TERRY RILEY — In C (Members of the Center of the Creative and Performing Arts in the State University of New York at Buffalo feat. conductor & saxophone: Terry Riley) (review)

TERRY RILEY — In C (Members of the Center of the Creative and Performing Arts in the State University of New York at Buffalo feat. conductor & saxophone: Terry Riley) album cover Album · 1968 · Third Stream Buy this album from MMA partners
4/5 ·
siLLy puPPy
Although TERRY RILEY actually composed his famous IN C way back in 1964, it didn't find a release as a recording until four years later. RILEY is famous for his minimalist approach to Western classical music with a healthy helping of jazz and Indian classical music as influences. Apparently the 60s was a time when composers were obsessed with finding ways to break down the barriers and limitations of the status quo by throwing all the accepted norms out the window and freeing themselves of set chord changes, scales and anything else that was thought to be “normal” for composers to accept.

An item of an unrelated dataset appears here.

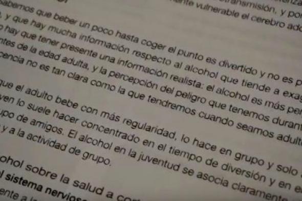 Una madre logra cambiar la frase "beber un poco hasta coger el punto es divertido" de un libro de texto de 3º de ESO
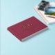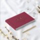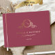 Personalize this elegant monogrammed wedding guestbook featuring real gold, silver, or rose gold foil on exquisite monogram and front, spine, and back text. Burgundy cover background colour in luxurious velvety-soft texture, and beautiful modern calligraphy details in a clean, minimal, and sleek style. Three size options with three inside paper-type choices. Personalize the guestbook with your monogram initials and wedding date on the front, your choice of text for the spine, and a smaller monogram with your initials on the back and one text section for your date, any other message you like, or if you prefer the design without this section, leave the corresponding template text box in blank to delete. Part of our Burgundy monogram wedding collection with many coordinating products available.

IN C is interesting in that when played live it has no set duration. It can last a few minutes to several hours and every performance is improvised and therefore completely different. This one album is but a particular snapshot serving as a mere example of what you might hear if you happen to witness a live rendition. The whole thing is quite technical to explain and all the terminology including the term heterophonic which refers to different rhythmic displacements can easily be found on the internet.

Basically the whole thing begins on a C major chord with different patterns that recur by adding and subtracting different instruments. I would say it's kinda like you were walking down a very long hallway with rooms on each side and in each room there is a different instrument playing a subtly different part off of the C major chord. As you continue to walk you would hear the instruments you've already passed fade away while the ones you approach getting more prominent. Of course while all this is occurring some instruments begin and stop randomly.

It is all strange and unpredictable as to which rhythms and timbres will occur yet totally predictable as to which notes will continue during the 45 minutes of length, at least on my CD. Of course RILEY would go on to redefine music in other ways but on this album he shows that you can be academic in your approach and still make something pleasurable to listen to. Of course, this is one of those occasional listens since it is so strange as to be almost alien. I can hear how artists like Philip Glass and others were influenced by some of RILEY's approach. It seems the Acid Mother's Temple has done a version of this as well as many others.